This part won't work - we need to make sure that no warnings get returned except for a format that actually winds up as FILTER_EXPLOIT_CREATES in the end. (For example, the HTML filter does not actually create an exploit, but it still returns a warning in the case where it is configured to not sanitize completely. However, this warning is not relevant if a previous filter sanitized the text already.) We actually already have a test case for that in the code - see testHTMLFilterUnsafeTagSanitizeBefore().

Also, the "No filter has been added to sanitize raw HTML" message isn't supposed to show up unless it's the only one...

But in terms of the 'exec' stuff, it makes sense somewhat - the question is whether we want to make it so that 'html' and 'exec' are the only possible keys that people can use (is there anything we might be missing there?) vs the previous code which worked more generically for any keys that anyone might use, but did not enforce the fact that the PHP filter is impossible to sanitize.

@David - well, we cold do some slightly more complex processing here - distinguishing between and allow and create.

StatusFileSize
new31.67 KB
Failed: 14632 passes, 0 fails, 31 exceptions
[ View ]

didn't fix up the tests yet, but I think the filter.module part works in this patch. Note revised logic in the array_pop() loop. Simplified the return to jsut be an array of warnings - really don't see why we need to separate out by type.

Status:Needs work» Needs review
StatusFileSize
new31.68 KB
Failed: 14639 passes, 0 fails, 28 exceptions
[ View ]

ok, got the escape-all filter set right also.

setting to CNR is see where tests break.

Status:Needs review» Needs work

The last submitted patch failed testing.

Status:Needs work» Needs review
StatusFileSize
new30.71 KB
Failed: 14612 passes, 0 fails, 28 exceptions
[ View ]

better - fixed some tests, remove debug code.

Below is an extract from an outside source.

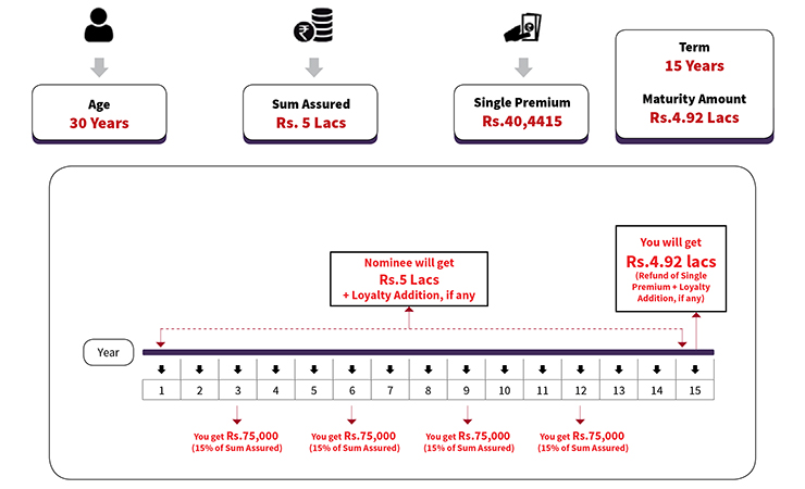 • On maturity, customer gets back the Single premium paid along the loyalty addition, if any

Status:Needs review» Needs work

The last submitted patch failed testing.

For testHTMLFilterUnsafeTag(), we definitely want only one warning to be returned - so the fact that the test in the latest patch was changed to check for two warnings and passes means there is a bug in both the code and the test :)

I'm not really seeing the advantage of 'exec' at this point? I think it's starting to make the code more complex, and the API is now less generically useful; e.g., you could previously use these functions to get information about any "output type" you could dream up and it all worked the same, but now the function is assuming internally that it knows about all of them. As mentioned above, the fact that PHP is impossible to sanitize is not only an edge case but also not an actual problem with the previous approach -- it simply means that no filter should ever claim to sanitize it.

Some of the other changes look good, though, and we should keep those.

Since we are not using the warnings right now - does it matter if it's 1 or 2? It's 2 now since we leave the default warning about unfiltered html.

I see more value in honing the code to the minimum feasible - why make it more complex than the 99% use case requires?

Status:Needs work» Needs review
StatusFileSize
new30.09 KB
Passed: 14733 passes, 0 fails, 0 exceptions
[ View ]

consolidated the code even more - did remove the fixed html/exec categories. Code should again find any categories, but consolidates all warnings into a single return array.

Yeah, this looks better - and I like the idea of having FILTER_EXPLOIT_ALLOWS and FILTER_EXPLOIT_CREATES as separate constants because it forces filter module authors to be explicit and think about the difference.

  1. I haven't looked too closely at the latest internals but I think there is a test case we can write that will fail here - a filter that returns a 'type' but not a 'warning'. (It's a useful one to write anyway, so I'll make sure to write it and see if something fails.)
  2. Instead of 'type', maybe something like 'effect'?
  3. I agree that filter_format_warnings() is more useful returning a single array, but I think it would be better to have it as a wrapper around another function, something like filter_format_warnings_by_category() - to make the by-category information accessible if it is needed. We also need to reintroduce filter_format_is_secure() as a wrapper function, because in cases where you just need a boolean it is awkward to have to explicitly load the warnings (such as in the hook_permission changes in this patch). So I think three functions in total, with the middle one possibly a private function.

Will look more at this later - I think it's overall an improvement.

I don't see why you'd ever need a boolean, since you're always just checking whether the returned array is empty or not as a boolean.

I'm really not sure of the use case for examining the warnings by category - other than unit testing. So, at most I think 2 functions.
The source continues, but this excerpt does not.